And sometimes, just sometimes, the show itself makes me want to quote everything Ziggy says.
Ziggy: Look in a mirror, people. We're in no position to be sitting in judgment of anything weird!
Dillon: Man's got a point.
Ziggy: If Dr. K could hear you now...
That aside, this story follows straight up and starts at the very end of the episode "My Brother's Keeper." RPM doesn't shy away from Big Moments just because it doesn't know where to go with them. I respect that ♥
steering you home
One minute he was pacing the floor of the lab, bright cracked cement under his feet and that damn buzzing noise in his head as he tried to sort through dozens of results a second. Normal, normal, NORMAL. All a lie. His body was betraying him, telling him everything was fine when at any second he could find himself--
Lying on that same floor, staring up at the lofty struts running power and equipment to every part of the building. With a blasting cannon right next to him. Ziggy was giving him too much space and Scott looked like he was about to pounce. Summer's voice, the first one he heard, saying, "The virus has fallen back to its original growth rate!"
Well, fuck. Now he was supposed to be happy that he was only losing control of himself as quickly as he had been before. Charming.
"I'm getting really sick of asking this," Dillon gritted, shoving himself up. Scott was sizing him up. Ziggy was trying to nonchalantly sidle toward the cannon, probably to pick it up and get it out of the way. Summer seemed to be the one in the know, so he directed the question at her. "What happened?"
Flynn was right behind her, which definitely didn't bode well. Summer could kick his butt when he wasn't trying, so if Flynn thought she needed backup then he must have been trying. She was shaking her head, opening her mouth and probably--annoyingly--about to say she didn't know.

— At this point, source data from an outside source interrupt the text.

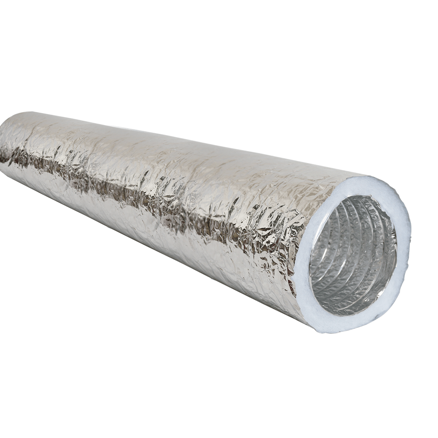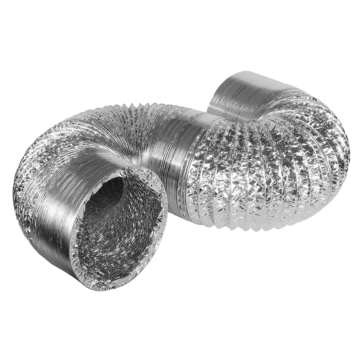 Ống gió không bảo ôn 2lớp àl loại ống nhôm không bảo ôn được sản xuất ừt 02 lớp nhôm + polyester (ALU + PET) dày 0,023 mm có độ đàn hồi và dẻo dai nhờ gắn dây thép tăng cường.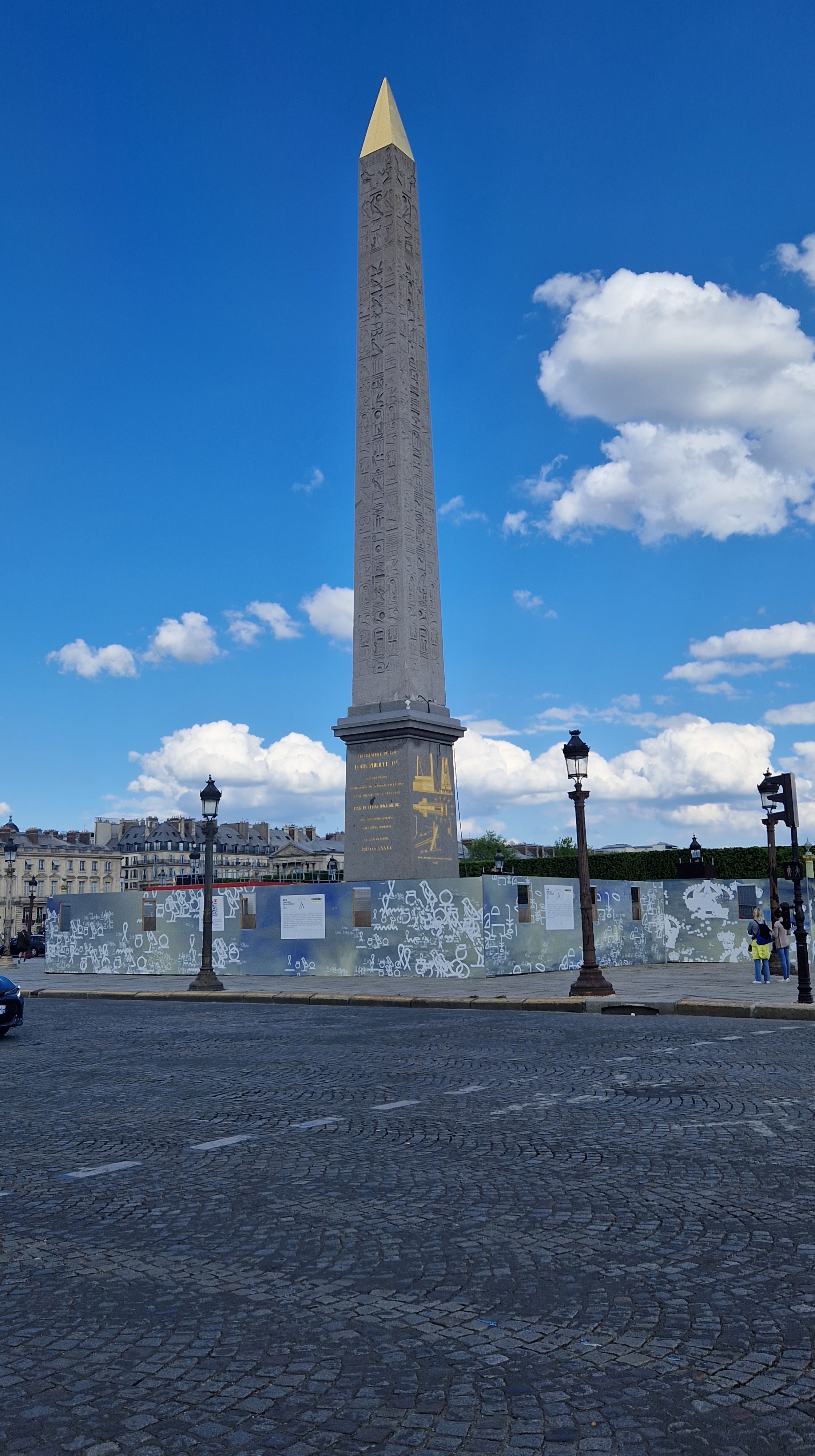 It only took us a few minutes, after an initial wrong turn, to reach Place de la Concorde, which was to be one of our main landmarks for the duration of our stay. There’s a huge gold topped Egyptian obelisk in the centre of Place de la Concorde that sits on the former site of the guillotine!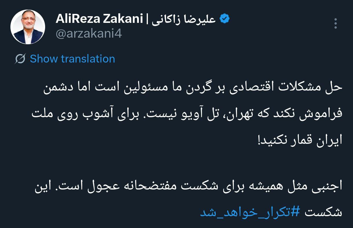 واکنش زاکانی به گزافهگوییهای ترامپ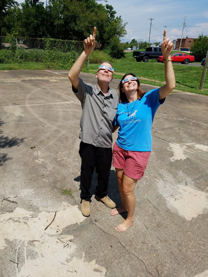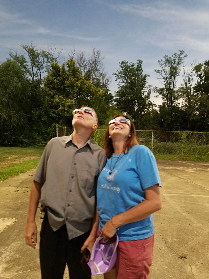 With the childhood memory of not being allowed to go outside because of a fear of burning our retinas,  I bought eclipse glasses. Jim and I discussed the event and we studied the path. At the realization that the path of totality would be near St Louis,  Jim said, “Let’s go visit Jessie.” I jumped at the opportunity. My appreciation of being married to someone who embraces my nerdiness blossomed.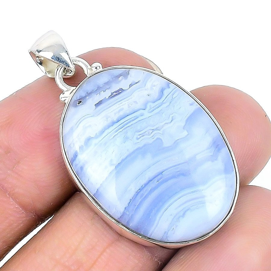 Blue Lace Agate Gemstone 925 Silver Daughters Day Engagement Boho Trendy Pendant

"What just happened," a familiar voice cut in, "is I that entered the base code for the Venjix virus."
She was standing up behind her computer screens, face just visible over the forward monitor. She looked defeated but not physically hurt. The team would have protected her at all costs.
The rest of the team. Everyone but him. Because he was the one they had to protect her from.
"I know it," she was saying, "because I'm the one who wrote it."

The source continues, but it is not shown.